= Augusta Township, Pennsylvania =

Former township in Pennsylvania, US

Augusta Township was one of the seven original townships of Northumberland County, Pennsylvania in the United States. It was formed in 1772 and ceased to exist on April 13, 1846 when it was divided into Upper Augusta and Lower Augusta townships .

==History==
According to Northumberland County historian Charles Fisher Snyder:

"Among the original townships of Northumberland County, Pennsylvania, one of the first to be named and whose boundaries were defined, was Augusta. As then laid out it embraced all the territory east of the Susquehanna and south of the North Branch eastward to the old Berks-Northampton line, which crossed the North Branch near the present site of Bloomsburg.

Upper Augusta [Township] and Lower Augusta [Township] were formed by the division of Augusta township in 1846...However, at the time of the division the name of "Porter" had been suggested for the southern portion."

According to members of the Lower Augusta Planning Committee who drafted a revised history of their township in 2007, township and county officials involved in the planning and implementation of Augusta Township's division had originally planned to: a.) retain the name of "Augusta Township" for the newly created northern township, and b.) name the newly created southern portion of the township after former Pennsylvania governor David Rittenhouse Porter. It was only "[a]t the last moment, that planners decided that the names should be Upper Augusta Township and Lower Augusta Township. "[Lower Augusta Township's] division was defined as a line crossing Little Shamokin Creek near its junction with Plum Creek."

==Notable buildings==
Several notable buildings were erected in Augusta Township during its 74-year history:

- Caspar Snyder House: Initially named the Blue Ball Tavern when it was built in 1798 by Revolutionary War veteran Caspar/Casper Snyder, this structure has also been known as the Shissler House. It was added to the National Register of Historic Places in 1978.
- Ferry Service: Sometime during the late 1700s, Adam Fisher launched a ferry service along the Susquehanna River at the mouth of Hallowing Run in Augusta Township. A ferry house and hotel (Penn's Tavern) were also built near the ferry service. After the hotel was abandoned, Jonathan Reitz converted the hotel building into a grocery store.

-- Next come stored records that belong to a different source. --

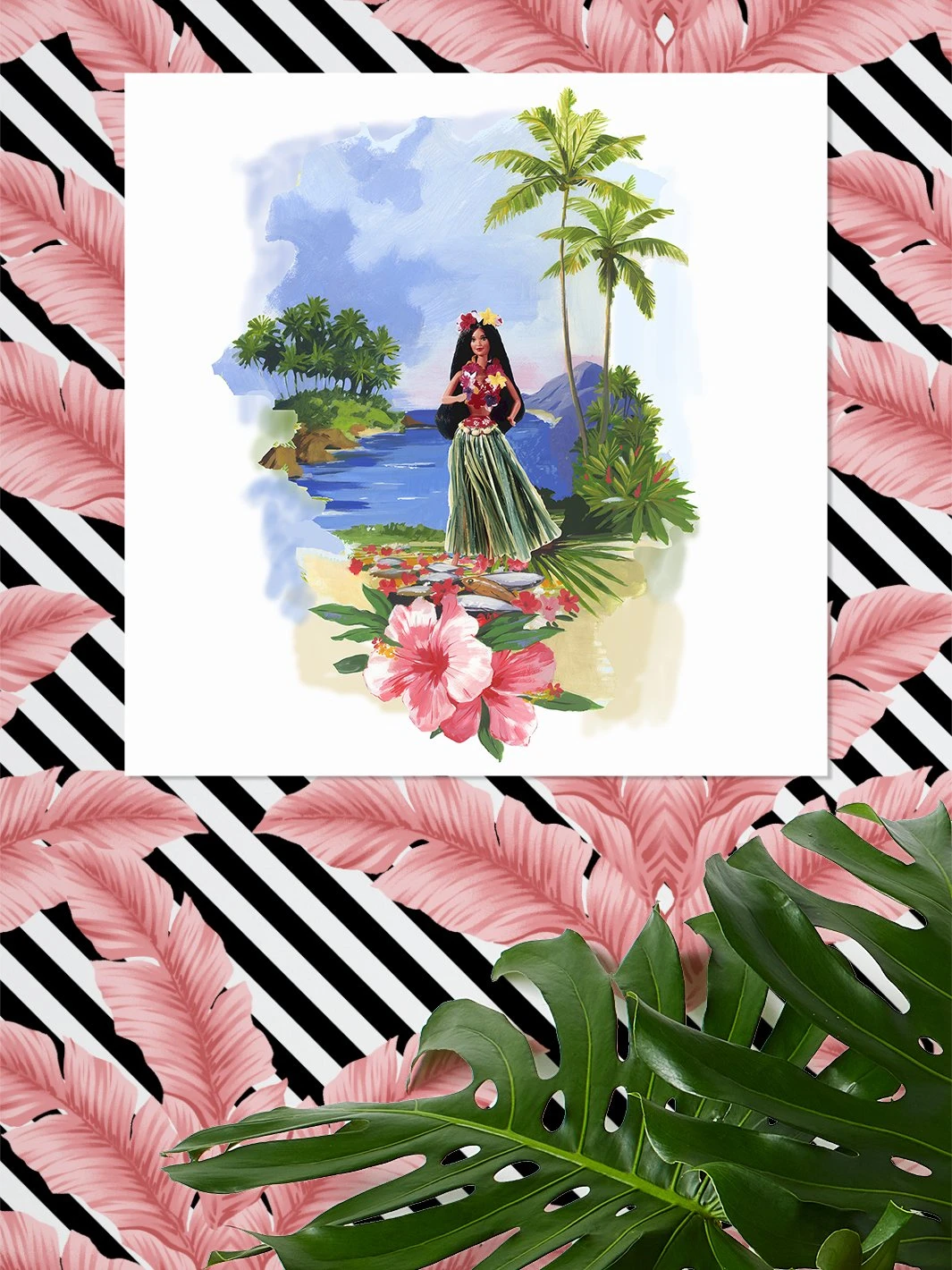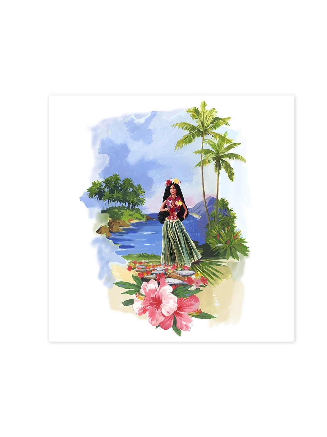 Set in paradise, this gorgeous artwork features Hula Barbie™ with pink hibiscus flowers and oceanside palm trees. Each piece is printed on ready-to-hang, unframed modern acrylic.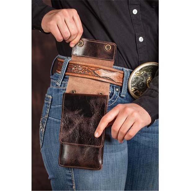 Users don’t have to worry about losing a mobile device from a back pocket with this wearable phone case made of leather and canvas. It has a clasp closure and attaches to any belt or purse.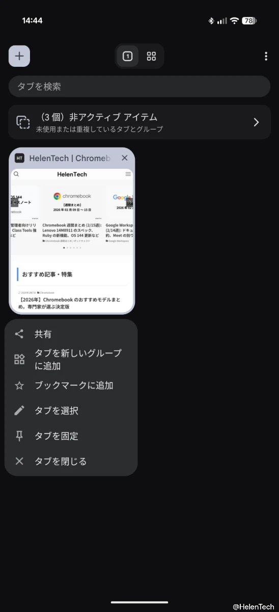 Android 版 Chrome でも、PC 版と同様に「タブの固定」が使えるようになりました。この機能は Android 版 Chrome のバージョン 144 以降で広く展開されています。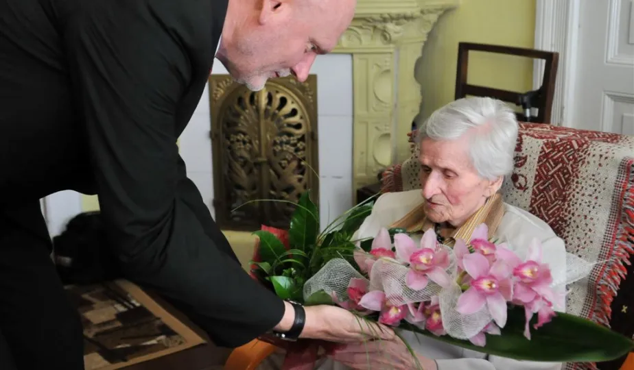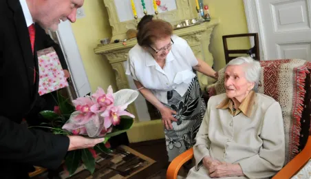 Pani Helena Klaman z ul. Rabiańskiej skończyła 18 maja 2013 roku 104 lata. Jubilatkę odwiedzili z gratulacjami prezydent Torunia Michał Zaleski i szefowa USC Katarzyna Pułkownik. Fot. Małgorzata Litwin

This portion of the township later became known as Fisher's Ferry.
- Mills: Augusta Township's oldest mill was built during the early 1800s "by a Mr. Hilterbeil," according to the 2007 Lower Augusta Planning Committee, and "derived its power from Hallowing Run." It was subsequently purchased in 1856 by William W. DeWitt.
- Penn's Tavern: Built sometime around 1756 by Peter Fisher, a Quaker, according to the 2007 Lower Augusta Planning Committee, or by Colonel Samuel Auchmuty in 1791 "as the eastern terminus for a ferry operated by Adam Fisher, who lived across the river on the Isle of Que," according to Michael McWilliams, second vice president of the Northumberland County Historical Society, this stone tavern is one of the oldest buildings in Northumberland County. Local lore indicates that it may have been associated with Conrad Weiser, or may have been the death location of Marie Cox, the wife of John Penn, a grandson of William Penn.